Figure 3 shows the results of the long-term analysis. We were able to analyze the annual DITL data from 2006-2014, and from 2017-2018, labeled “DITL Full” in the figure. The 2015-2016 data was unavailable on the DNS-OARC systems. The 2019 dataset could not be analyzed in full due to its size, so we settled for a sampled analysis instead, labeled “DITL Sampled” in Figure 3. The 2020 data was not ready for analysis by the time our research was done.
In every DITL dataset, we analyzed each root server identity (“letter”) separately. This produces a range of values for each year. The solid line shows the average of all the identities, while the shaded area shows the range of values.
To fill in some of the DITL gaps we used Verisign’s own data for a.root-servers.net and j.root-servers.net. Here we selected a 24-hour period for each month. Again, the solid line shows the average and the shaded area represents the range.
The figure also includes a line labeled “Chrome market share” (note: Chrome, not Chromium-based browsers) and a marker indicating when the feature was first added to the source code. Note, there are some false positive Chromium-like queries observed in the DITL data prior to introduction of the feature, comprising about 1% of the total traffic, but in the 10+ years since the feature was added, we now find that half of the DNS root server traffic is very likely due to Chromium’s probes. That equates to about 60 billion queries to the root server system on a typical day.
Concluding Thoughts
The root server system is, out of necessity, designed to handle very large amounts of traffic. As we have shown here, under normal operating conditions, half of the traffic originates with a single library function, on a single browser platform, whose sole purpose is to detect DNS interception. Such interception is certainly the exception rather than the norm. In almost any other scenario, this traffic would be indistinguishable from a distributed denial of service (DDoS) attack.
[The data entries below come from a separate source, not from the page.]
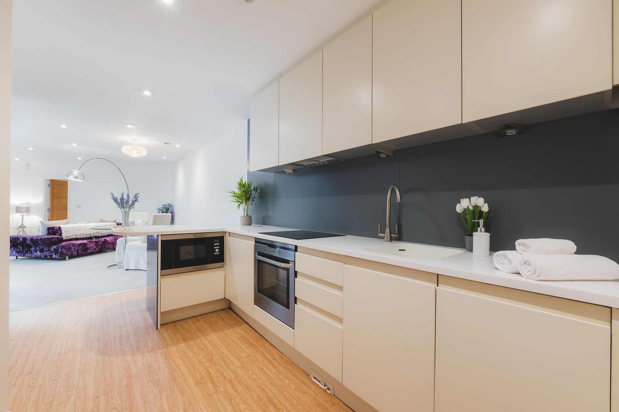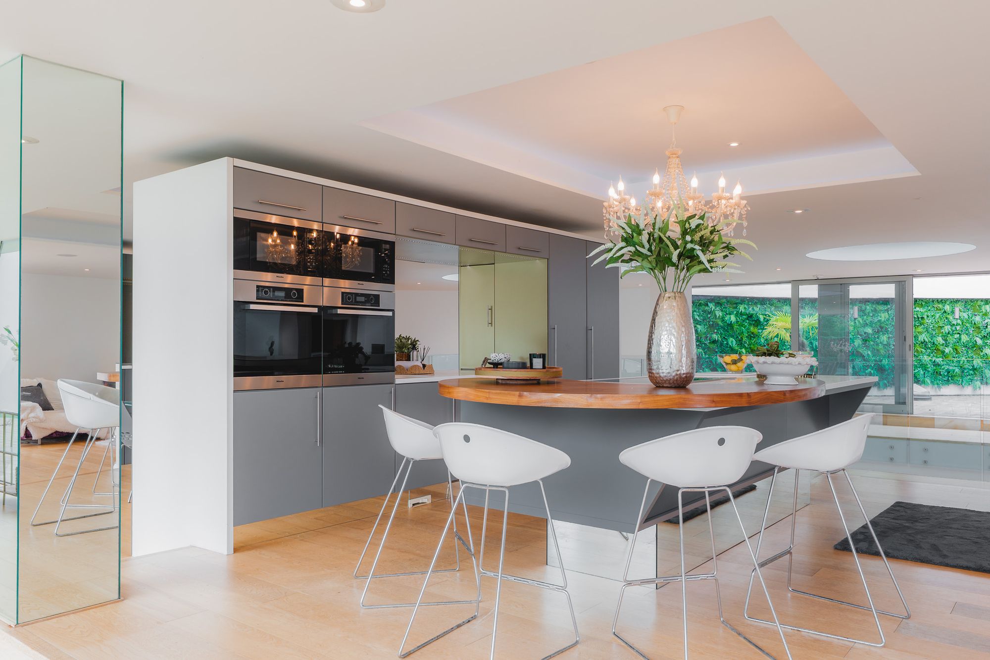 The cruise ship scale and sense of celebration seems no accident, with walls of floor to ceiling windows angled up and out on either side of this gargantuan room, where the contemporary kitchen sits to the left, separated from a snug area with wall-mounted electric fire by a low partition wall. Sleek handleless cabinetry maximises storage whilst concealing the essential appliances such as fridge and freezer, with a sociable central island breakfast bar. A bank of built-in ovens await instruction.
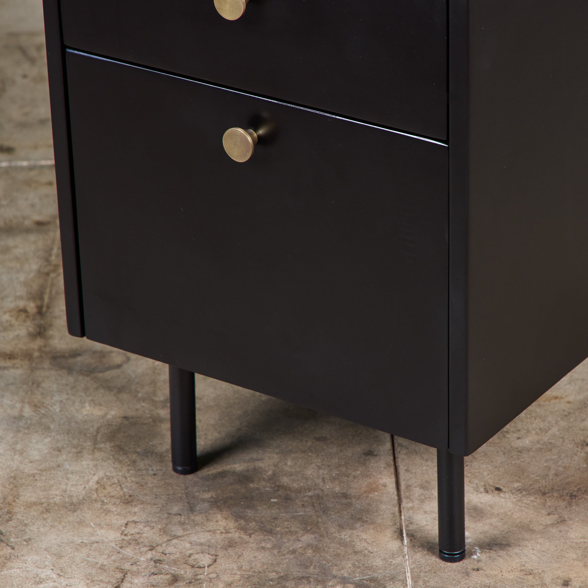 Pair of black lacquered nightstands feature two drawers, an upper shallow drawer and a lower depper drawer. Each nightstand has brass knobs and travertine stone table tops.
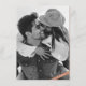 Temapartynas moderna terracotta bröllop-detaljritning visar ditt foto som ett geometriskt inslag och en bakgrund. Ditt favoritfoto på förlovningen är den här minimalistiska designens stjärna. Den konverteras automatiskt till svart vitt och upprepas på baksidan längs en smuts med ditt bröllop-datum och "Just KÄRLEK!" Handskriven typografi parad med modern blockering som dekorerar designen. #CasualWedding
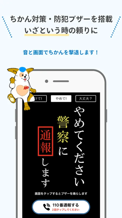 画面をタップして音と画面表示で、ちかんを威嚇するとともに、事前に登録した家族等に、現在地をプッシュ通知又はメールで送信します。
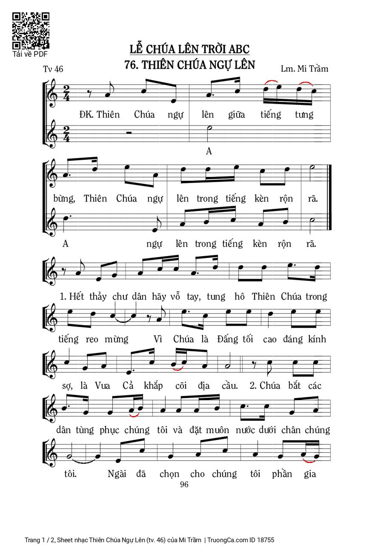 Các sheet PDF tương tự Thiên Chúa Ngự Lên (tv. 46):
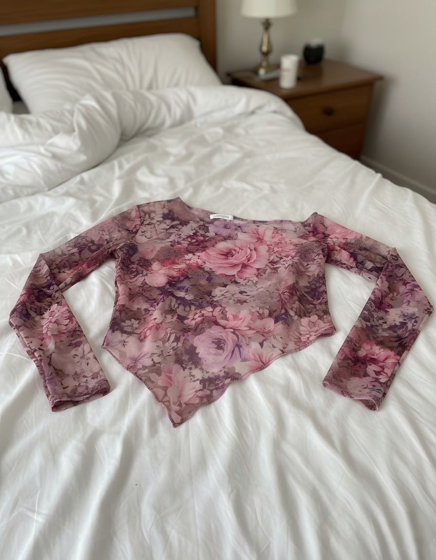 Design Details: One-shoulder exposure and side ruching create a sweet-yet-sultry vibe. Thumb-hole cuffs and sheer mesh overlay add functionality and dimension, while the floral print lends soft visual interest.
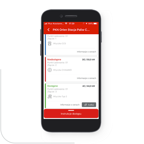 Za pomocą filtrów znajdź stację ładowania odpowiednią dla Twojego samochodu. Stację ładowania możesz wyszukać także korzystając z mapy.
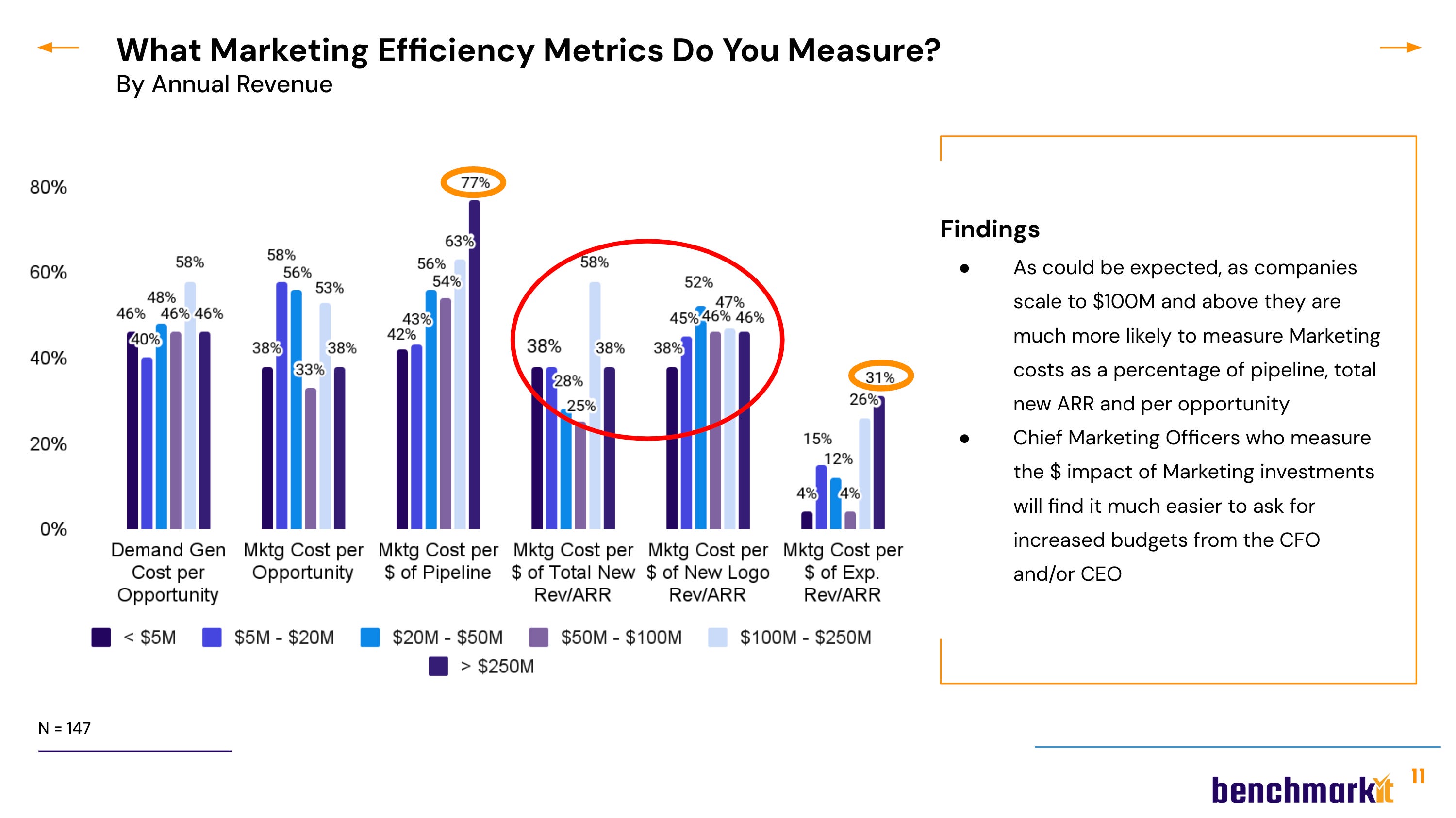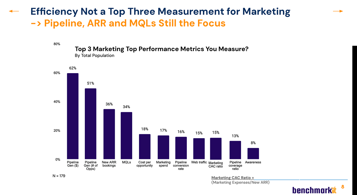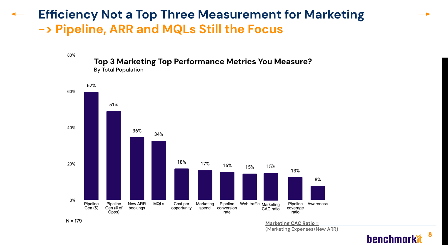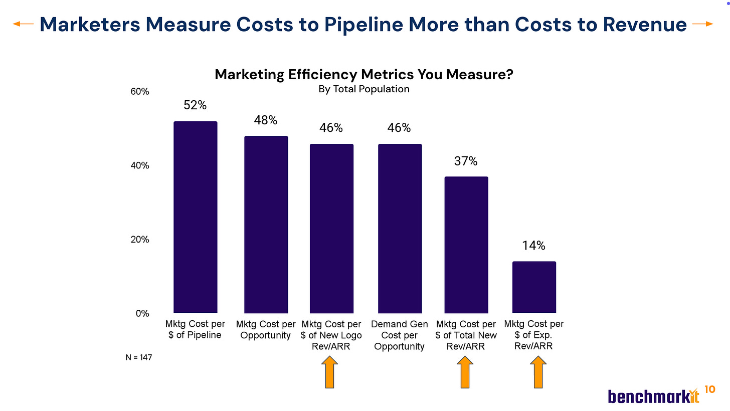 While efficiency metrics weren’t top 3, of the folks measuring cost, most were measuring it against pipeline or opportunity, not revenue:

Could Chromium achieve its goal while only sending one or two queries instead of three? Are other approaches feasible? For example, Firefox’s captive portal test uses delegated namespace probe queries, directing them away from the root servers towards the browser’s own infrastructure. While technical solutions such as Aggressive NSEC Caching (RFC 8198), Qname Minimization (RFC 7816), and NXDomain Cut (RFC 8020) could also significantly reduce probe queries to the root server system, these solutions require action by recursive resolver operators, who have limited incentive to deploy and support these technologies.
This piece was co-authored by Matt Thomas, Distinguished Engineer in Verisign’s CSO Applied Research division.